• _Action item_: If you see a picture in the data below, omit it and copy the rest exactly.

### Given material

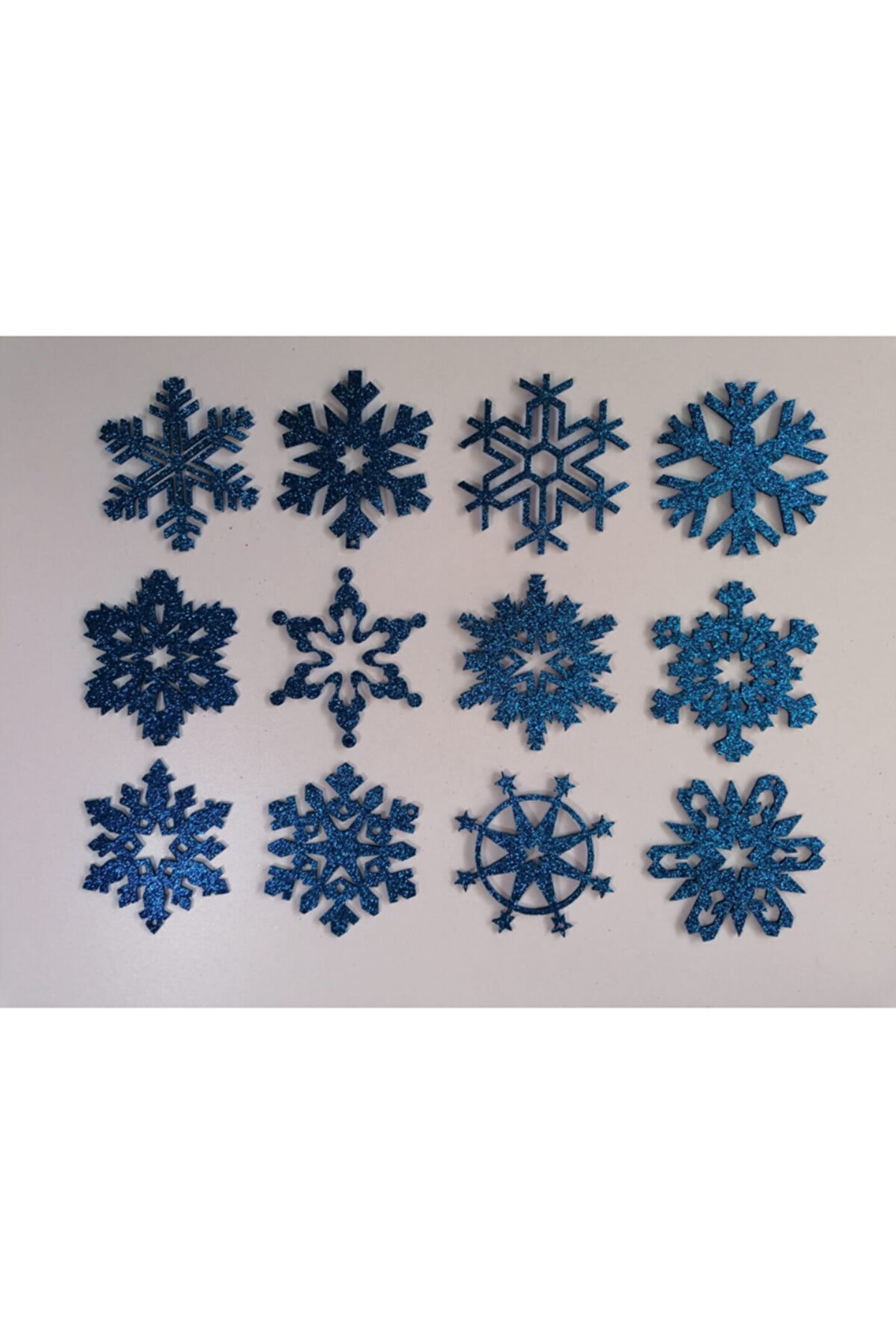 2 mm Simli Eva dan üretilmiştir. ; 28 adet farklı kar tanesi içinden 12 farklı desende kar tanesi gönderilecektir. ; Resimdeki görsel ile birebir eşleşme sağlanmayabilir. ; Simli iple birlikte gönderilecektir.;
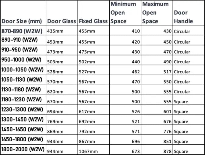 - 870-1180 have a small round door handle to maximise opening space
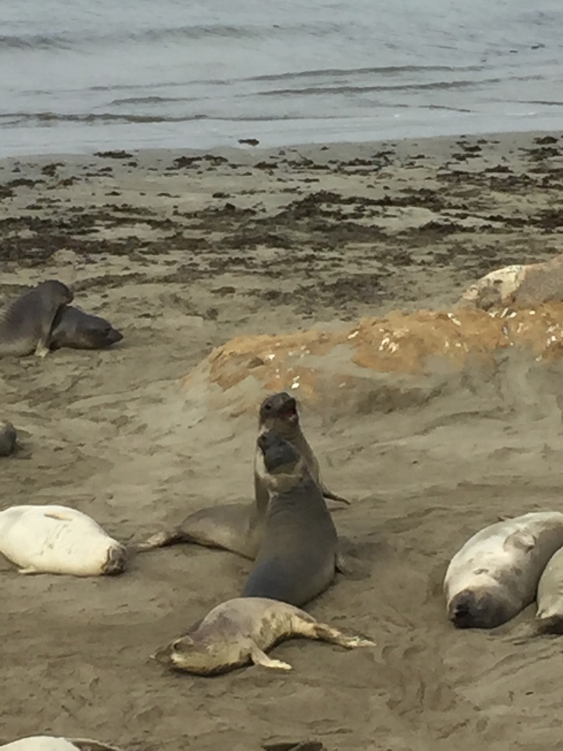 The last day of our trip. The scenic route from Cambria to San Francisco. Just right after we left, we stopped to see the Sea Elephants. This was the best part of the day the remaining part is not as scenic when you are sqeezed into a car seat facing backwards. I think my Papas don't really understand this. Oh, and did I ever tell you that I don't like car seats? Need to tell my Papas as well - have to figure out how to best telling them....

######

• _Task result_:
 2 mm Simli Eva dan üretilmiştir. ; 28 adet farklı kar tanesi içinden 12 farklı desende kar tanesi gönderilecektir. ; Resimdeki görsel ile birebir eşleşme sağlanmayabilir. ; Simli iple birlikte gönderilecektir.;
 - 870-1180 have a small round door handle to maximise opening space
 The last day of our trip. The scenic route from Cambria to San Francisco. Just right after we left, we stopped to see the Sea Elephants. This was the best part of the day the remaining part is not as scenic when you are sqeezed into a car seat facing backwards. I think my Papas don't really understand this. Oh, and did I ever tell you that I don't like car seats? Need to tell my Papas as well - have to figure out how to best telling them....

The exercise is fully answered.